Artdevivre
|

Fermées, les Puces de Saint-Ouen se secouent quand même

Les Puces de Saint-Ouen sont actuellement fermées au public / © Joséphine Lebard pour Enlarge your Paris
Les Puces de Saint-Ouen sont actuellement fermées au public / © Joséphine Lebard pour Enlarge your Paris

Ils voient passer habituellement 5 millions de visiteurs par an venus du monde entier. En attendant de pouvoir rouvrir, certains puciers de Saint-Ouen vont au devant du chaland sur les réseaux sociaux.

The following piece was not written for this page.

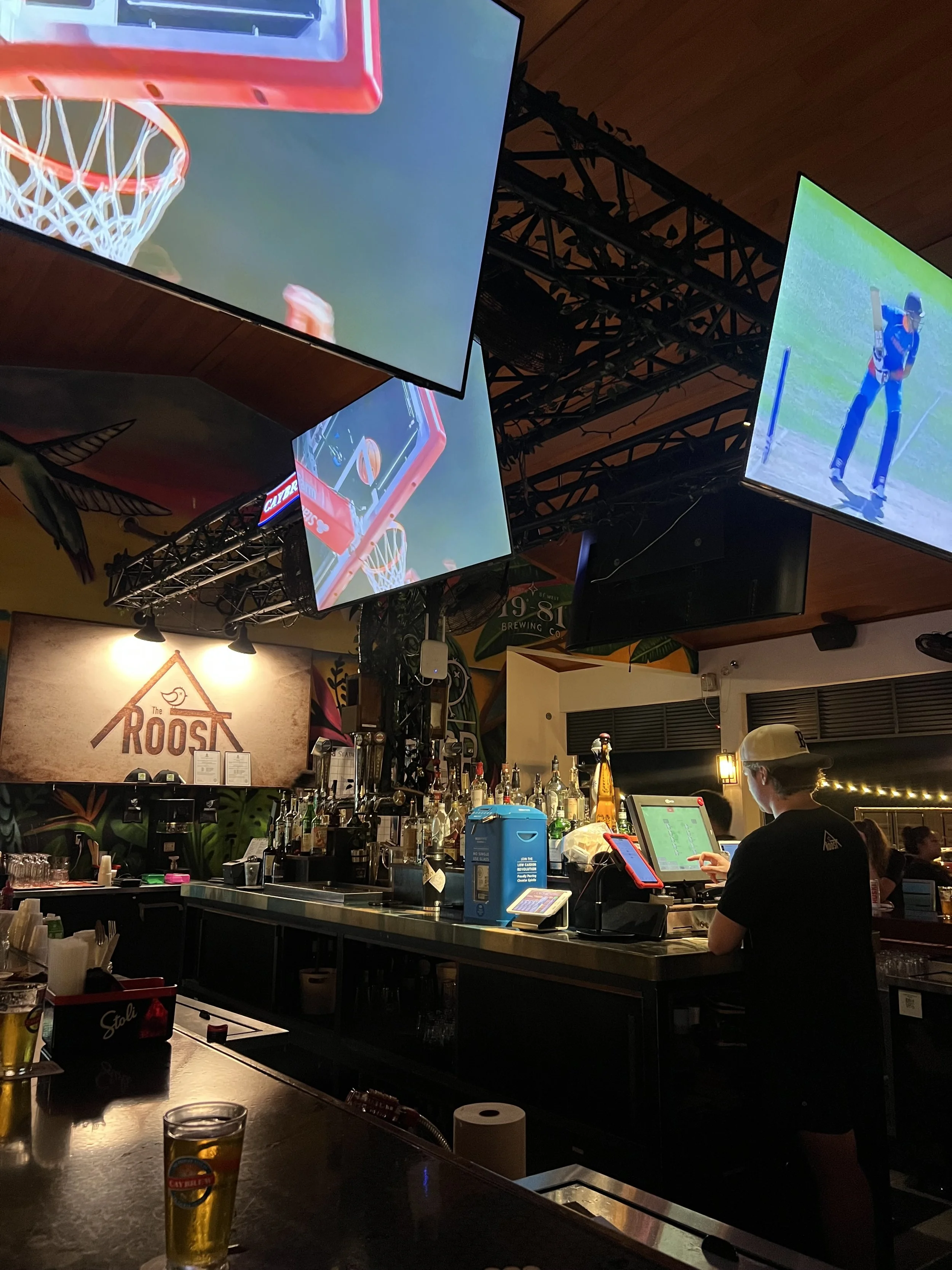 The Roost is ideal if you’re looking for a more relaxed, outdoor setting to watch the game. It is located at Pickleball Cayman which is home to 20 courts and a playground, so it has a mixed crowd. They have a selection of big screens, open-air seating and an easygoing atmosphere, making it a great alternative to packed indoor sports bars. Because of their mixed customer base sound is not usually on, but you can request a game or match to be turned on to a TV near you. You’ll see an eclectic range of games from pickleball, cricket, basketball, NFL and Premier League football (soccer).

Drôle d’ambiance à Saint-Ouen (Seine-Saint-Denis). Sur la rue des Rosiers qui longe les différents marchés des Puces, seul le disquaire est ouvert. Tout comme les libraires, le commerce a été reconnu « commerce essentiel ». Pour le reste, c’est rideau (de fer). Les Puces de Saint-Ouen sont à l’arrêt. Sur la devanture de Marcel et Jeannette, stand de vêtements vintage, les propriétaires ont tracé, au blanc de Meudon, des bâtons comme autant de jours de fermeture depuis le premier confinement. D’autant que s’il leur a été demandé de fermer, les salles des ventes, elles, ont eu l’autorisation de rester ouvertes. « Ça a mis tout le monde en colère, raconte un pucier. Il faut dire que par rapport aux restaurateurs qui ont des syndicats très forts, nous on est inexistants. » Malgré tout, certains puciers continuent leurs activités via Instagram, leurs sites web ou des market places virtuelles, « mais pour les plus âgés, ce n’est pas évident », soupire l’un d’eux. Marché Vernaison – l’un des onze marchés que comptent les Puces- Enlarge your Paris est allé à la rencontre de certains de ces commerçants que vous pouvez retrouver en ligne, en attendant de pouvoir les rencontrer en vrai…

Eva, la femme aux bijoux

« J’ai été à bonne école« , reconnaît Eva. Avec une mère dans les bijoux et un père dans les instruments anciens, tous deux détenteurs de stands aux Puces, « j’ai eu le goût a priori bien formé« , estime-t-elle. Sa petite échoppe consacrée aux bijoux anciens située dans le marché Vernaison le confirme. Ici, une sublime broche de 1925 en nacre et argent. Là, une broche en forme de libellule ou un camé. Ses pièces, elle les achète depuis 32 ans au coup de coeur avec un credo : « jamais de copie« . Chez elle, les clients japonais raffolent des bijoux Art Nouveau, les Américains font main basse sur les chaînes du XIXe. « En revanche, ils n’aiment pas trop les bijoux en cheveux« , note-t-elle. On pense avoir mal entendu. Eva sort alors de sa vitrine un sautoir tressé dans une authentique chevelure datant de Charles X. « Quand l’or partait au canon, il fallait bien trouver d’autres matériaux ! » A chaque pièce son histoire. Car Eva aime raconter. « Mon métier, ce n’est pas juste acheter et vendre. Sinon, je vendrais des frigos ! » Elle se réjouit d’ailleurs de compter dans sa clientèle une jeune génération, sensible au vintage, « qu’on ne voyait pas avant« . Et les encourage : « N’hésitez pas à poser des questions, à demander. Moi je dis « welcome » aux jeunes !« . En attendant, elle a rédigé une pétition réclamant la réouverture des marchés d’antiquités et de brocante. « On est un des maillons de la chaîne et quand un des maillons casse, ce n’est pas bon… » Jusque dans ses métaphores, l’amour des bijoux la poursuit.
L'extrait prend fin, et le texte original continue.